Posted: 2023-10-20
One of the strategies is to buy cheap summer gas, store it for few months, and sell as expensive winter gas. Easily said than done. But how much should you pay for the storage facility and how to hedge the risk?
In this post we are going to review a simple gas storage model with static replication. This is an educational exercise and it is designed for simplicity.
Natural Gas storage is a critical function that operators use to balance the demand and supply especially during summer / winter seasons. Historically the heating demand for Natural Gas during winter is much higher than summer power burn and industrial demand which is reflected in the gas forward curve.
As mentioned earlier, winter Natural Gas demand is typically higher than available supply hence winter prices are also typically higher than summer prices. Gas storage owners use this phenomenon to buy “cheap” gas during summer months and sell during more expensive winter months.
Let us look at a simple storage model with 1y firm contract with no ratchets, no injection, draw and financing costs and no bid-offer or locational spreads. The hedge will follow static replication method, which means we are not taking volatility into consideration just price levels.

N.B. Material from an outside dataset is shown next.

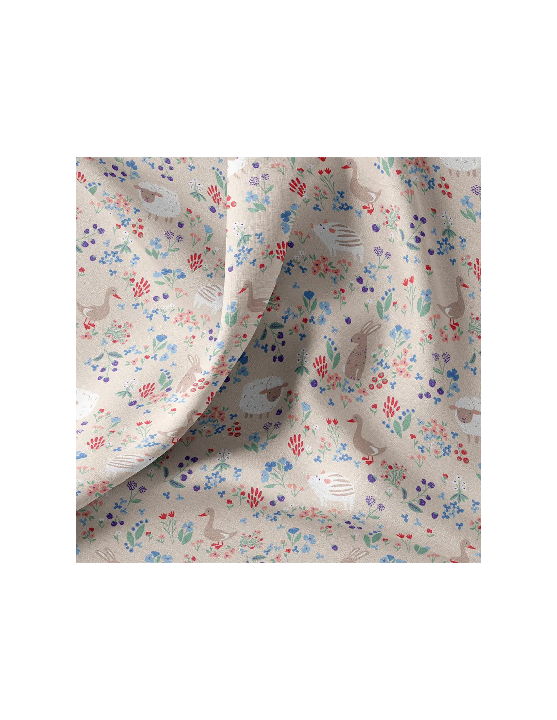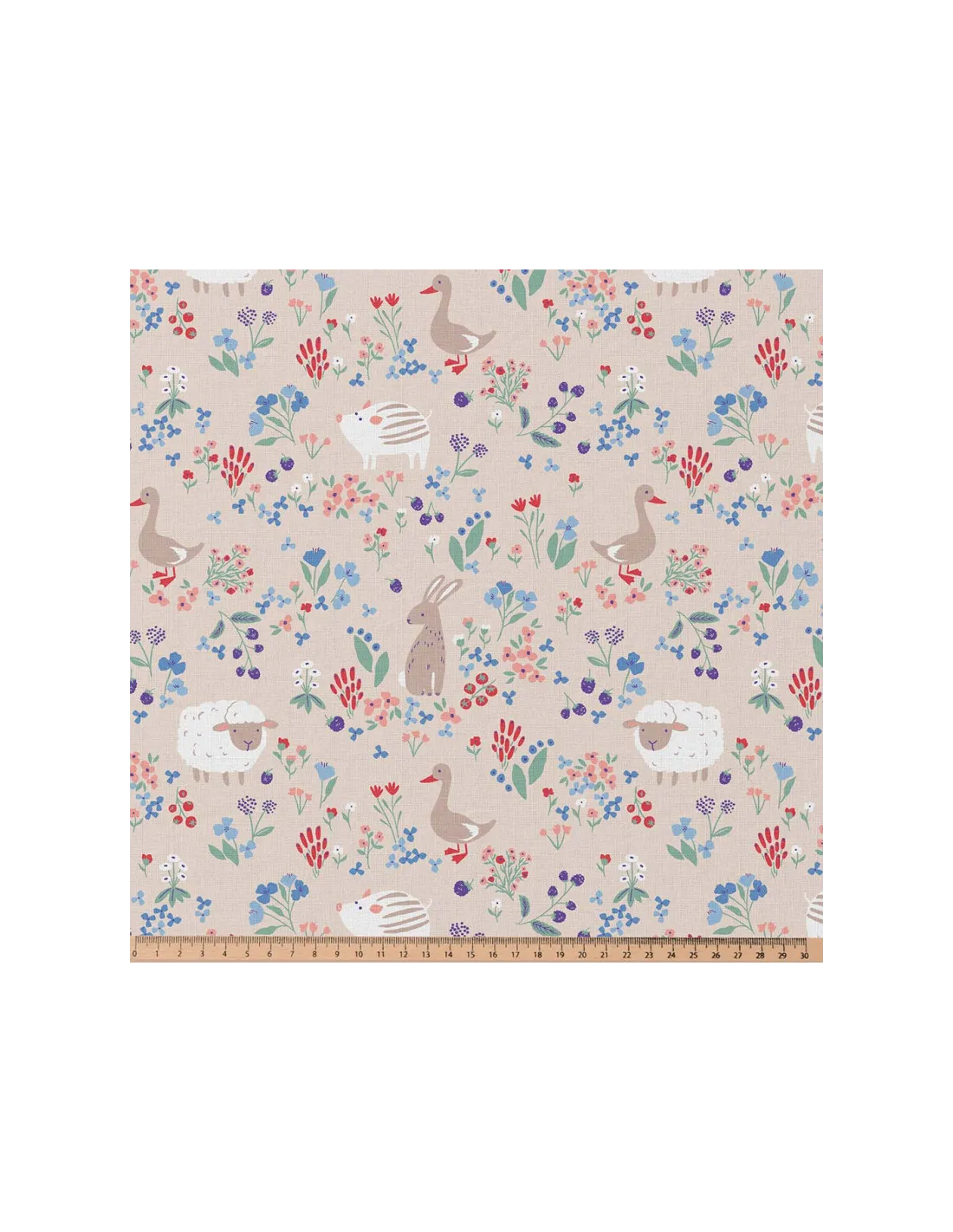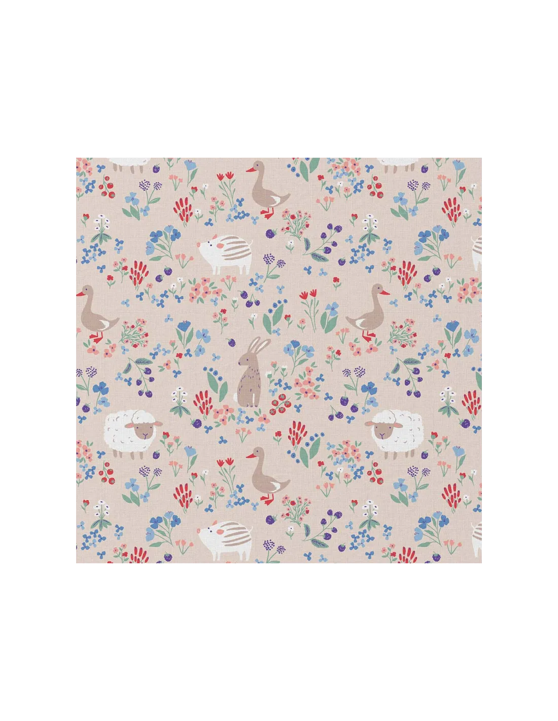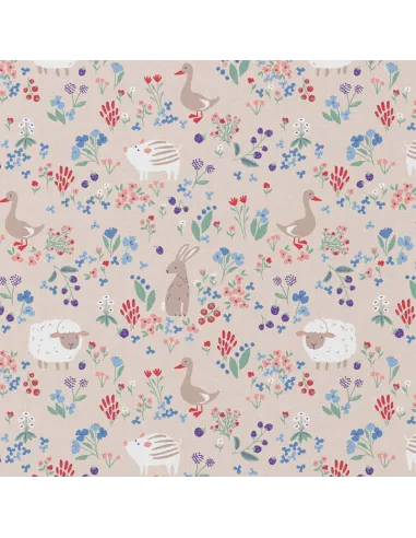 Motif : Un motif "all-over" d'animaux de la ferme tels que le cochon, l'oie, le lapin, et d'autres amis du jardin. Les animaux sont représentés de maniÚre enfantine et attachante.

To solve optimization problem, we need to first define a target function. We are going to maximize revenue by buying gas and selling it later. The schedule will be subject to constraints: - maximum storage level cannot be greater than 100,000 dekatherms - maximum daily injection rate cannot be greater than 2,000 dekatherms - maximum daily withdrawal rate cannot be greater than 4,000 dekatherms
This formula describes our target function: $$ \max \sum Q{ij}(P{j}-P{i}) $$ , where: $Q{ij}$ means we are buying $Q$ dekatherms in month $i$, keeping it in storage and selling the same amount in month $j$. $P{i}$ and $P{j}$ are respective purchase and sell prices.

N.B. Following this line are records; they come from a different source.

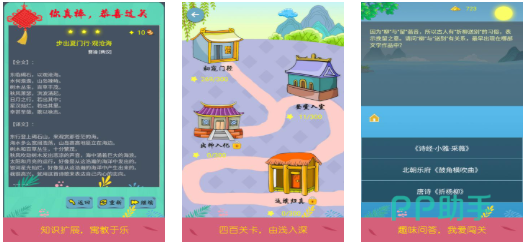 依托古诗文意象设计视觉化解谜关卡,如根据诗句意境拼合残缺画面、按平仄规律排列词句顺序等。卡通画风降低理解门槛,每关通关后附带作者生平与创作背景简析,实现文学素养与审美能力同步提升。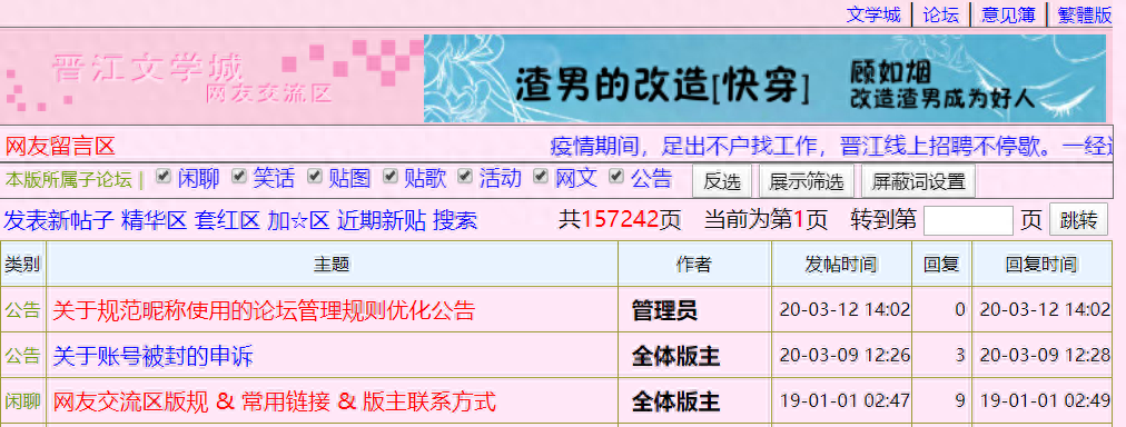 兔区是老牌八卦论坛了,因此江湖送它的称呼比较多:因版面粉红色,称“小粉红”;因匿名发帖(现在不能匿名了)时现实名字为“==”,又称“双眼皮区”;因为水军、粉丝大量涌入,被称为“垃圾场”。总之称呼最多的还是“兔区”。兔区版规不能外放链条,所以开放程度比较低。不过小生可以给大家指路:晋江文学城—网友交流区—网友留言区。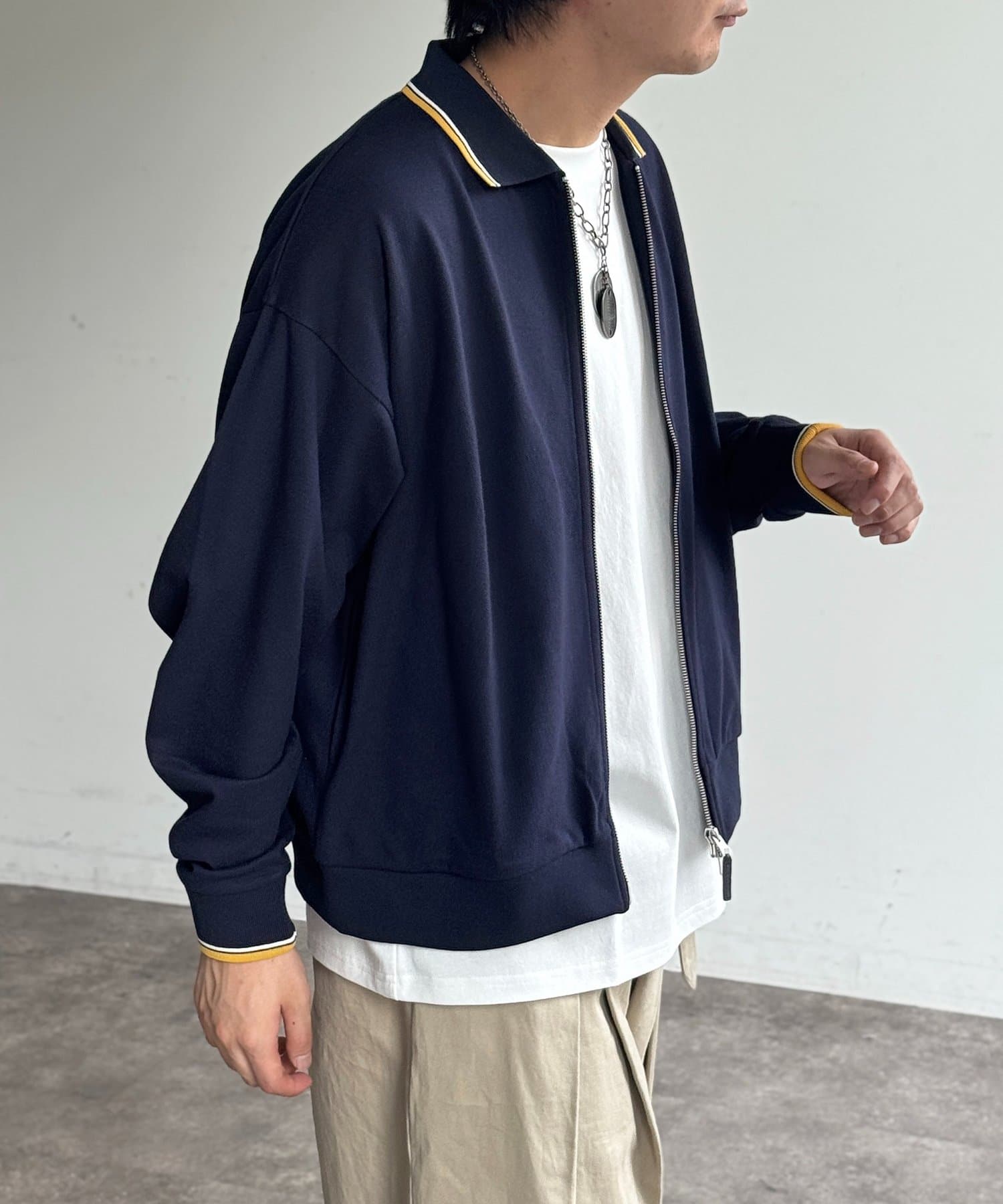 襟元のラインがアクセント!着回し力抜群の万能ジップブルゾン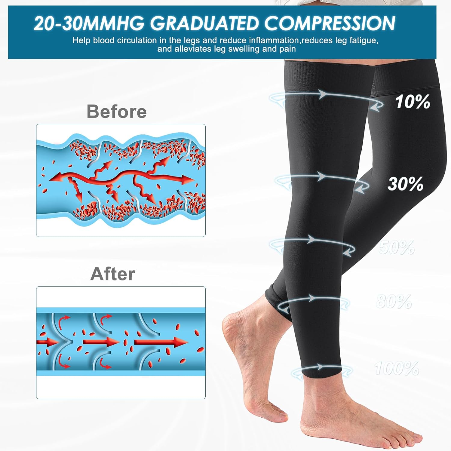 DCCDU Compression Stockings 20-30 mmHg – Graduated Support for All-Day Comfort & Leg Health Experience the perfect balance of medical-grade support and everyday comfort with DCCDU's 20-30 mmHg compression stockings. Designed with a seamless circular knit, they offer a soft, silky feel and a lightweight, fashionable look—so you can feel confident while caring for your legs. Key Features: 1. Precision Compression Technology Just like leading medical brands, we take 4–6 compression measurements at precise intervals from ankle to thigh. This ensures an accurate pressure gradient that boosts circulation, reduces swelling, and helps prevent tired, achy legs—all while supporting leg health with physician-prescribed elastic compression therapy. 2. Advanced Comfort & Moisture Control Our Absolute Advanced Comfort fabric wicks moisture away from your skin to the outer layer, where it quickly evaporates. This keeps you cool, dry, and comfortable—even during long hours of wear. 3. Relief for Common Leg Issues Ideal for preventing and relieving symptoms of spider veins, mild varicose veins, ankle swelling, edema, and leg fatigue. The graduated compression also offers a gentle shaping effect for a smoother look. 4. 3D Ergonomic Design & Easy Wear Crafted from high-elastic micro fiber that’s delicate, strong, and velvety-soft. The 3D knit fits your leg perfectly without rubbing at the heels, while the soft yarn construction makes these stockings easy to put on and take off. 5.Care Instructions To maintain elasticity and performance, we recommend hand washing in warm water with mild soap after each use. Gently rinse and squeeze—do not twist or wring. Air dry away from direct heat. Do not machine wash or tumble dry.

We are going to skip constraints for brevity, the target formula and constraints are implemented in attached Excel sheet.
Using Excel solver shows that we can make revenue of USD 39,520 so if storage costs less than that we can make some profit.
Here is calculated hedging plan. For example, we need to buy 3 April’21 contracts at price 2.921 and sell 3 Jan’22 contracts at price 3.294 to hedge the P&L.
This chart shows amount of gas in storage for calculated plan vs the forward prices. The solver did an excellent job and constrained maximum storage level to 100,000 as was required.